DIRECTIONS:
Pull out of the data below the stretch of lines bounded by the one containing "آیت الله علم" and the one containing "Протокол матча Атромитос против ПАОК", both bounds included, unchanged.

RECORDS SHOWN:
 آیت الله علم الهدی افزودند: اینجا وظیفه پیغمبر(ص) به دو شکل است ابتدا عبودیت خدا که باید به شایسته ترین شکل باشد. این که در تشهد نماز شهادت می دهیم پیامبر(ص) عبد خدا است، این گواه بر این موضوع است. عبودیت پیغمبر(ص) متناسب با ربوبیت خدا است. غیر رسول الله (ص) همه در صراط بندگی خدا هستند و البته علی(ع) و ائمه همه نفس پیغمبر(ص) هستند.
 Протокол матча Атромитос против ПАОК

==

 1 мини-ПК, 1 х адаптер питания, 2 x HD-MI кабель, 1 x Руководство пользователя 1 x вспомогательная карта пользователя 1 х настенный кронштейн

ANSWER SECTION:
 آیت الله علم الهدی افزودند: اینجا وظیفه پیغمبر(ص) به دو شکل است ابتدا عبودیت خدا که باید به شایسته ترین شکل باشد. این که در تشهد نماز شهادت می دهیم پیامبر(ص) عبد خدا است، این گواه بر این موضوع است. عبودیت پیغمبر(ص) متناسب با ربوبیت خدا است. غیر رسول الله (ص) همه در صراط بندگی خدا هستند و البته علی(ع) و ائمه همه نفس پیغمبر(ص) هستند.
 Протокол матча Атромитос против ПАОК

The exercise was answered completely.